The result is below:

Number of rows: 2625063
Averages: -122.42988623936554 37.75451006828541 0

Notice that, the number of rows we are now able parse is increased by 600K compared to the cleaned version of the data.

The runtime stats:

User time (seconds): 1.62
System time (seconds): 0.29
Percent of CPU this job got: 75%
Maximum resident set size (kbytes): 399096

Adjacently Tagged Enum Parsing Method

Using untagged enums might not be the best way to handle in the current shape of this data though since, we are not benefiting from the provided type information. We can make the geometry structure to an enum itself to achieve this:

#[derive(Serialize, Deserialize)]
#[serde(tag = "type", content = "coordinates")]
enum Geometry {
    Polygon(Vec<Vec<[f64; 3]>>),
    MultiPolygon(Vec<Vec<Vec<[f64; 3]>>>)
}

By making geometry itself an enum type, we can parse the inner structure next to the type information to the coordinates.

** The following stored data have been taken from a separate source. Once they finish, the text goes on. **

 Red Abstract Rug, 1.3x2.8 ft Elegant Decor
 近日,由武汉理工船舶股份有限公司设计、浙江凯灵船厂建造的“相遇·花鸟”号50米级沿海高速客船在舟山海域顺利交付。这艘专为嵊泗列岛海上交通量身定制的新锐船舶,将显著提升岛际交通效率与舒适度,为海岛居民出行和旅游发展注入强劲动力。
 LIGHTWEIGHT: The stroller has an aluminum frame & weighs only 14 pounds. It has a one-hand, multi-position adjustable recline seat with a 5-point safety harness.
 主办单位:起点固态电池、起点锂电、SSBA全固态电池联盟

By doing so, we can maybe benefit from the information available on the type field and help the parsing to be a tiny bit more efficient.

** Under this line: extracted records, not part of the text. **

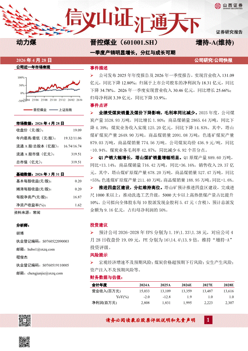 晋控煤业:山西证券-晋控煤业-601001-一季度产销明显增长,分红与成长可期-260428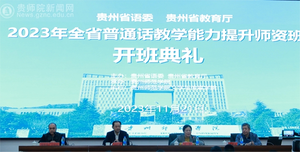 本网讯 11月21日,由贵州省语委、贵州省教育厅主办,pp电子游戏官网承办的“2023年全省普通话教学能力提升师资班”在pp电子游戏官网综合实训楼301会议室举行隆重的开班典礼。典礼由省教育厅语委办副主任罗洪贵主持,教育部语言文字应用研究所原所长张世平、省教育工会主席王慧、pp电子游戏官网党委书记石培新等出席典礼并讲话。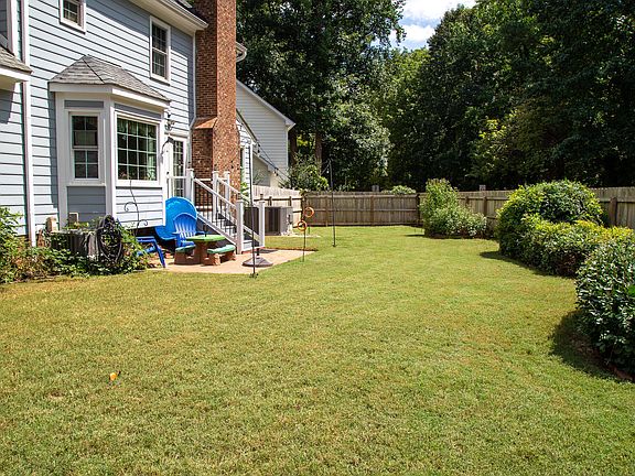 Welcome to this adorable home in Cary, NC, nestled on a quiet cul-de-sac. This charming residence features a wrap-around porch, perfect for relaxing or enjoying the neighborhood. The deep garage provides convenient parking/additional storage, and the fenced yard offers space for outdoor activities. Inside, you'll find a spacious living room, walk-up attic, a bonus room that could easily serve as a fourth bedroom), as well as a large walk-in storage area. Recent improvements include a new HVAC system, epoxy-coated garage floor, upgraded crawlspace, and new windows, Trex back porch, and new dishwasher/oven/microwave ensuring comfort and peace of mind. Location couldn't be better—near Cary Parkway and Lake Pine, with easy access to Trader Joe's, Costco and US 1. The home is part of the Kildaire Farm Planned Urban Development, offering miles of trails and a community lake including optional memberships for access to pool, racquetball, and tennis courts. Refrigerator and detached shed convey. Don't miss the opportunity to own this wonderful home in a prime Cary location!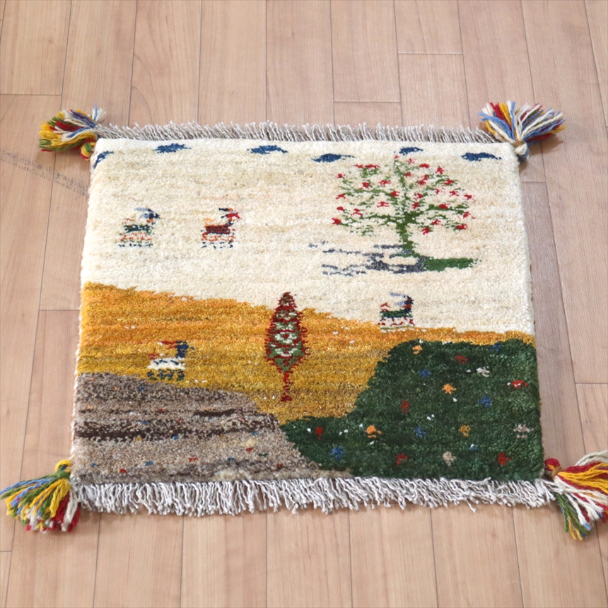 - ギャッベ イラン産 座布団サイズ 41x45cm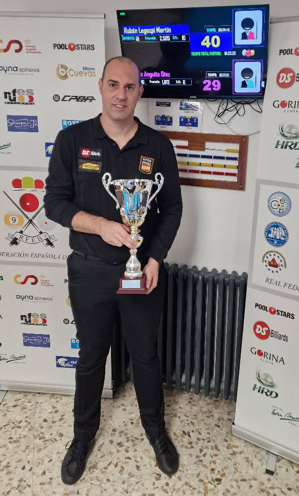 ZARAGOZA – Ruben Legazpi heeft in Zaragoze de derde Grand Prix gewonnen van dit Spaanse seizoen. In de finale versloeg hij Carlos Anguita met 40-29 in 16 beurten. Het slot van Legazpi was fameus: hij won de halve finale tegen Jordi Garriga met 40-10 in 13 beurten (series van 9 en 10) en de kwartfinale tegen Joseba Escribano met 40-20 in 20 (start met 0, 9 en 16). De laatste 120 caramboles gingen in 49 beurten, 2.448 gemiddeld.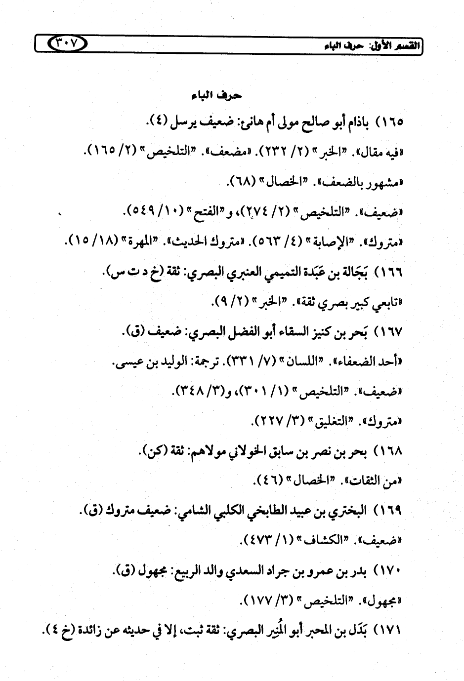 171) بَدَل بن المحبر أبو المُنِير البصري: ثقة ثبت، إلا في حديثه عن زائدة (خ 4).

The match clause captures geometry instead of the coordinates this time:

// [dependencies]
// serde_json = "1.0.53"
// serde = { version = "1.0.111", features = ["derive"] }
fn main() {
    let data = read_file("citylots.json");
    let v: Features = serde_json::from_str(data.as_str()).unwrap();
    let mut total = 0;
    let mut sum_x = 0.0;
    let mut sum_y = 0.0;
    let mut sum_z = 0.0;
    for i in v.features {
        if let Some(geo) = i.geometry {
            match *geo {
                Geometry::Polygon(ref x) => {
                    for inner in x {
                        for coords in inner {
                            sum_x += coords[0];
                            sum_y += coords[1];
                            sum_z += coords[2];
                            total += 1;
                        }
                    }
                }
                Geometry::MultiPolygon(ref x) => {
                    for poly in x {
                        for inner in poly {
                            for coords in inner {
                                sum_x += coords[0];
                                sum_y += coords[1];
                                sum_z += coords[2];
                                total += 1;
                            }
                        }
                    }
                }
            }
        }
    }
    println!("Number of rows: {}", total);
    sum_x = sum_x / (total as f64);
    sum_y = sum_y / (total as f64);
    sum_z = sum_z / (total as f64);
    println!("Averages: {} {} {}", sum_x, sum_y, sum_z);
}

The results show this performance improvement even though it costs a bit more memory:

User time (seconds): 0.81
System time (seconds): 0.19
Percent of CPU this job got: 64%
Maximum resident set size (kbytes): 408524

Final words

Parsing uneven data in a strongly-typed manner is possible in Rust by using enum structures and serde’s amazing flexibility to be able to annotate inner structures to derive specific properties. A heterogeneous structure can be recognised with untagged enums in case any information is missing or simply it’s just easier to handle that way. However, using the available information from the data wherever it is possible is always useful and in this case as well, incorporating the type information by adjacent tagging results in a bit performance gain.